After ten years – and plenty of drama – American Chopper was canceled by Discovery. But that didn’t stop Paul Teutul Sr. from continuing with his passionate work for motorcycles. However, through the years, he’s also been having some financial issues, which ultimately left him bankrupt.
So what is he doing these days? Let’s take a look!
Paul Teutul Sr. – troubled childhood
In his book Orange County Choppers: The Tale of the Teutuls, Teutul described how his parents beat him regularly.
“I’d be sitting there, struggling through my homework, crying after getting smacked, my lip bleeding. Then if I got hit when I didn’t deserve it, my father, rather than saying he was sorry, would yell, ‘That’s one for the next time,’” he recalled.
Growing up, Paul had no aspirations whatsoever. His strict upbringing in Yonkers had a bad influence on him. At age 12, he also started drinking. Teutul went to Pearl River High School – as his family moved to Rockland County – but it didn’t bring him any new ideas about what he wanted to do with his future.
One thing, however, was that he had always had a love for motorcycles. But it would take some time before his dream came to life.
When he turned 18, Paul Teutul Sr. joined the Merchant Marines. There, he got a whole new perspective on life and his attitude toward work.
“[The boot camp] was like three months of it, not, six weeks. So it was pretty difficult, you know, being 18 years old and being away from home. It was hard for me, you know, to be able to be away and to be able to stick with that and stay there,” Paul told CNBC.
“I think what I did was I challenged myself… I really wasn’t much of a runner and I really didn’t like running. And where I was there was a dock way down the other end of where I was, and I said to myself if I could run all the way down, and all the way back, then I could make this.
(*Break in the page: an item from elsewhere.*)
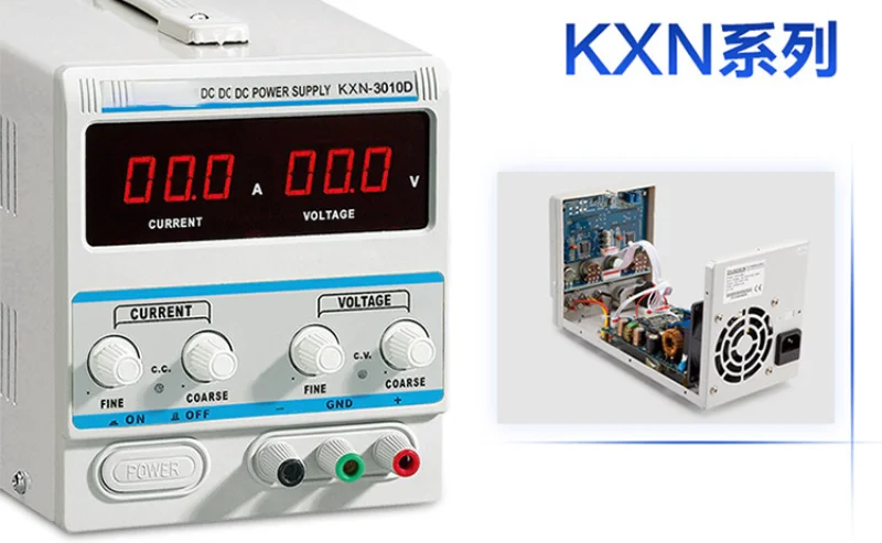 Output 0-30V 0-10A continuous adjustable overcurrent and polarity reverse protection function, KXN series power supply, known as high efficiency constant voltage, constant current type high-frequency switching power supply is characterized by load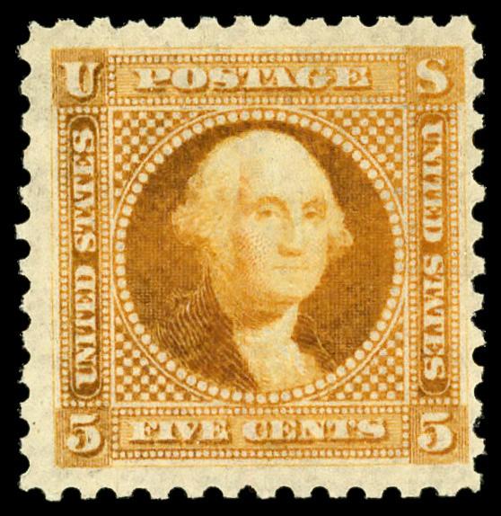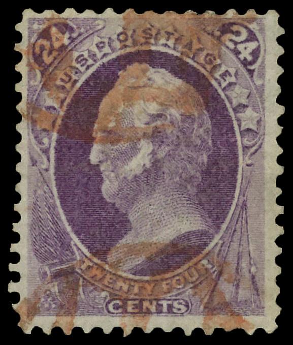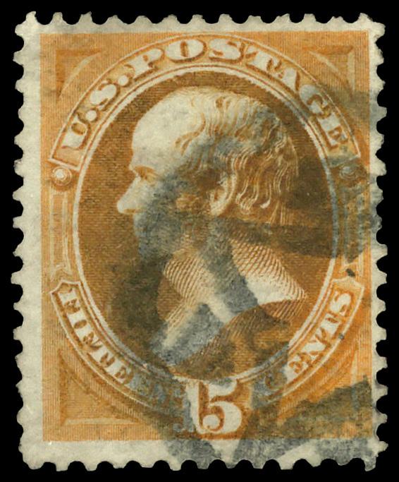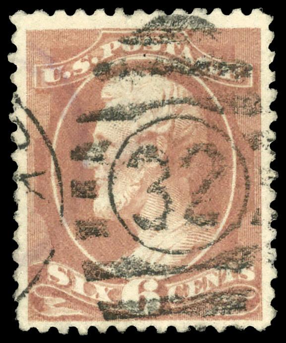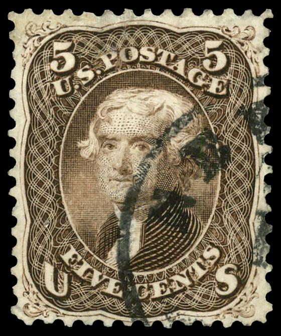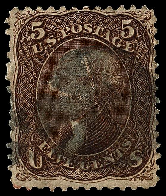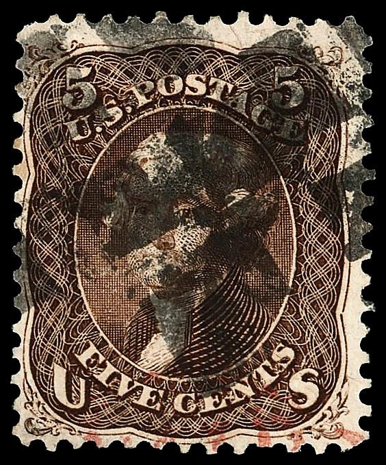 1867, 5¢ brown, F. grill (Scott 95); a few tiny faults, Very Good to Fine. Scott $900. (Image)

And I think.. that’s what inspired me to follow through with it.”
Paul Teutul Sr. – marriage, children
After a stint with the Merchant Marines, Paul Teutul Sr. returned to civil life. In 1969, he had found true love, marrying Paula, with whom he stayed married for 26 years.
Paul and Paula share 4 children: Paul Teutel Jr., Dan Teutul, Michael Teutul, and Christin Teutul together, some of whom would be very much involved in their father’s later success.
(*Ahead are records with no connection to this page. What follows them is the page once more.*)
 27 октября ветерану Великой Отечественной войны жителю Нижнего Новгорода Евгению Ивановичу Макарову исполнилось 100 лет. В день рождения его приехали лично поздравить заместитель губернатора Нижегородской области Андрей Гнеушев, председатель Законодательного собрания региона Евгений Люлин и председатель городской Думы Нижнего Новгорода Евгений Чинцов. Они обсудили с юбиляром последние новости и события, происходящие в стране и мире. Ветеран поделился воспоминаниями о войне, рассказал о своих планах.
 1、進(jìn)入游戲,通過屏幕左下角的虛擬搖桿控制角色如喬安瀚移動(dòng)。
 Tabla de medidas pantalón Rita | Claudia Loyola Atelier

Family life put Paul’s passion for motorcycles on hold. Then, in the 1970s, he began building his empire, constructing bikes from the ground and up. Teutul Sr. dug a hole in the back of his yard, cut a door, made a ramp out of steel, and got the bikes down to the basement.
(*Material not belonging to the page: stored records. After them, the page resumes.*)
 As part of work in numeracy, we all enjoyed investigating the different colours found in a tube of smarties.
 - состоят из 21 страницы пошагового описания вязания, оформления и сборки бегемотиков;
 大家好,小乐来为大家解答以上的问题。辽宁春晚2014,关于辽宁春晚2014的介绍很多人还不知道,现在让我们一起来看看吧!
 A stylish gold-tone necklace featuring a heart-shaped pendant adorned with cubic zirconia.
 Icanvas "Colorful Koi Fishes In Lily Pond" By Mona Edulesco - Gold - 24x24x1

“Most of the time I would take a bike and I would customize it,” he explained. “I built a bike, and I took it out, and people were just all over the bike. I knew I had something at that point.”
At the same time, Paul was struggling with inner demons. Just like his mother, he was a heavy drinker, and in the mid-1980s, his wife and children split with him. But the eldest son, Paulie, shared his interest in bike design, so the two began building and customizing choppers together.
While starting the Orange County Ironworks, a steel fabrication company, others noticed how impressive his chopper modifications were. Building choppers became an excellent meditation for him. As he recalled, he took his last drink on January 7, 1985. And ever since, Paul Teutul Sr. has stayed sober.
“That was a significant turning point in my life,” he said. “I learned that I did have choices, and I think that, that’s part of, you know, kind of led me on the journey to get to where I am now.”
Launch of ‘American Chopper’
Motorcycle magazines suddenly wanted to know more about Teutul’s business. It grew constantly, and in the early 2000s, Discovery Channel gave him a call, offering Teutul a show.
In 2002, American Chopper premiered on Discovery Channel. But, as with any reality television program, it wasn’t only about choppers.
The show also focused on the relationship between Paul Teutul Sr. and his son Pauley. But after the first episode, the father of four was more than annoyed.
The relationship was portrayed as quite fiery, and both Paul and Pauley thought Discovery Channel had betrayed them. He later wrote that he thought they were made to look like fools, as he had expected a more documentary-style production.
“I called [producer Craig Piligian] early the next morning, before the overnight ratings came out,” Paul Teutul Sr. recalled. “I cleaned his clock on the phone. ‘You’ve ruined my life,’ I screamed, ‘and my career. I didn’t expect this.’”
Piligian tried to calm Paul down and told him to wait for the ratings. Teutul’s mood changed drastically.
A flood of congratulations and messages reached Paul’s email in the morning, and the 1.2 percent viewer market share was terrific for a 10 P.M. Monday time at which American Chopper aired. The viewers obviously loved the drama between the father and his son.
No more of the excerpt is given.